In 2014, it looked like the United States was finally making some progress in reducing childhood obesity—after years of steady increase, the rates had finally begun to decline. But a pair of new studies suggests the good news was short-lived: Over the past four years, childhood obesity rates have in fact held steady. And despite well-funded and highly publicized national campaigns to combat obesity, childhood obesity has actually increased in certain groups. As scientists scratch their heads trying to figure out what’s going on—another new study may hold some clues.
The initial study, published in the journal Pediatrics, analyzed data from the Centers for Disease Control and Prevention’s National Health and Nutrition Examination Survey from 1999 to 2016. Childhood overweight rates increased from 29 percent to 35 percent during that time period, the researchers reported. And from 2014 to 2016, severe obesity among children two to five years old increased from 9 percent to 14 percent.
An accompanying study examining the same data found that Hispanic preschoolers were twice as likely as their Caucasian counterparts to be obese, and African American preschoolers were 70 percent more likely. Preschoolers from low-income families had twice the obesity rate of their peers from average-income families.
Obesity is a thorny problem because it involves so many factors. Diet and exercise may sound like easy things to change, but not if you’re poor, says Asheley Cockrell Skinner, a public health epidemiologist at Duke University and lead author on the study. “Living in a safe neighborhood where you can be active, with sidewalks where you can ride bikes—not having those things are all playing a role in obesity.”
Which is why, when the childhood obesity epidemic began to make headlines a decade or so ago, public health experts launched major campaigns to fight it. Michelle Obama’s Let’s Move brought exercise programs to underserved schools. The US Department of Agriculture passed the Healthy, Hunger-Free Kids Act, which made school meals and snacks healthier. Some cities even placed a tax on sugary drinks. “All of these changes were apparently not enough,” Skinner says. “Our public health approach to the epidemic has largely failed so far,” notes a commentary (PDF) accompanying the Pediatrics studies.
That nothing seems to work has some scientists wondering whether the interventions are coming too late. Some scientists now believe that by the time children are old enough to exercise and eat solid food, their lifelong patterns of weight gain have already been established. In another study published in February, researchers in Alberta, Canada, presented new evidence showing how circumstances at birth might affect a child’s risk for childhood obesity.
The study, published in a different journal called JAMA Pediatrics, looked at 935 mother-infant pairs over the course of three years. The children born to overweight mothers were three times as likely to be overweight or obese as those born to mothers of normal weight. That wasn’t surprising—genetic predisposition could explain it, and so could diet and lifestyle. But here’s the weird thing: The children of overweight moms born via cesarean section were five times as likely to be overweight or obese as those born vaginally. This echoes previous research on connections between cesarean sections and obesity. (In the United States, roughly 1 in 3 births are completed via C-section—a 60 percent increase since 1996.)
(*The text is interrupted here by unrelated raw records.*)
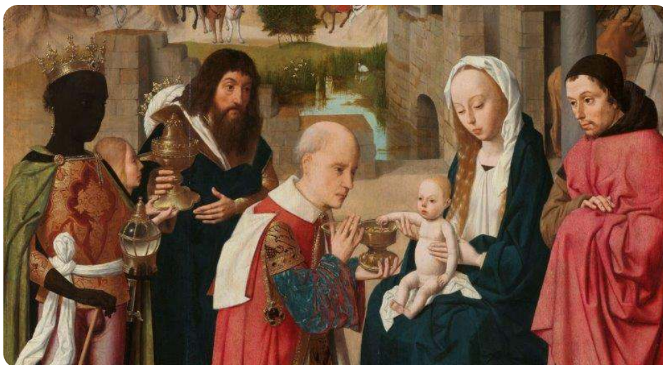
De aanbidding van de koningen, Geertgen tot Sint Jans, ca. 1480 - ca. 1485
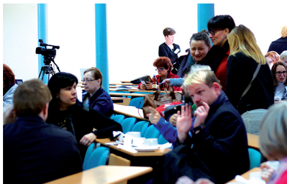
Uczestnicy konferencji podczas przerwy
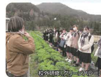
校外研修(グリーンシーレー)
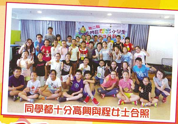
同學都十分高興與程女士合照

The study’s authors also found that the feces of infants born to overweight mothers contained more Lachnospiraceae bacteria than the feces of babies from normal-weight mothers. Interestingly, babies born via cesarean section had a different type of Lachnospiraceae bacteria from those born vaginally.
The working theory, explains lead author Hein Min Tun, a researcher in epidemiology and pediatric medicine at the University of Alberta, is that infants pick up their mothers’ community of bacteria in the birth canal. Infants born via cesarean section pick up some bacteria as well, but it’s a slightly different community—perhaps a mix that is more likely to promote obesity. “Weight is influenced by so many factors,” Tun says. “But people go to the gym every day and it doesn’t do anything. They can’t reduce the weight. That’s one clue that there might be something else going on.”
The study had some limitations: For starters, it didn’t test mothers for the presence of Lachnospiraceae—only the babies. And it didn’t consider other factors that might affect a baby’s bacterial mix, such as breastfeeding and antibiotics. Still, Tun says, it’s a promising line of inquiry.
Duke’s Skinner agrees. Her colleagues are also looking into the role of the transfer of microbes at birth on weight gain patterns, she told me. “I think we’re going to learn that microbiome plays a huge role in obesity.”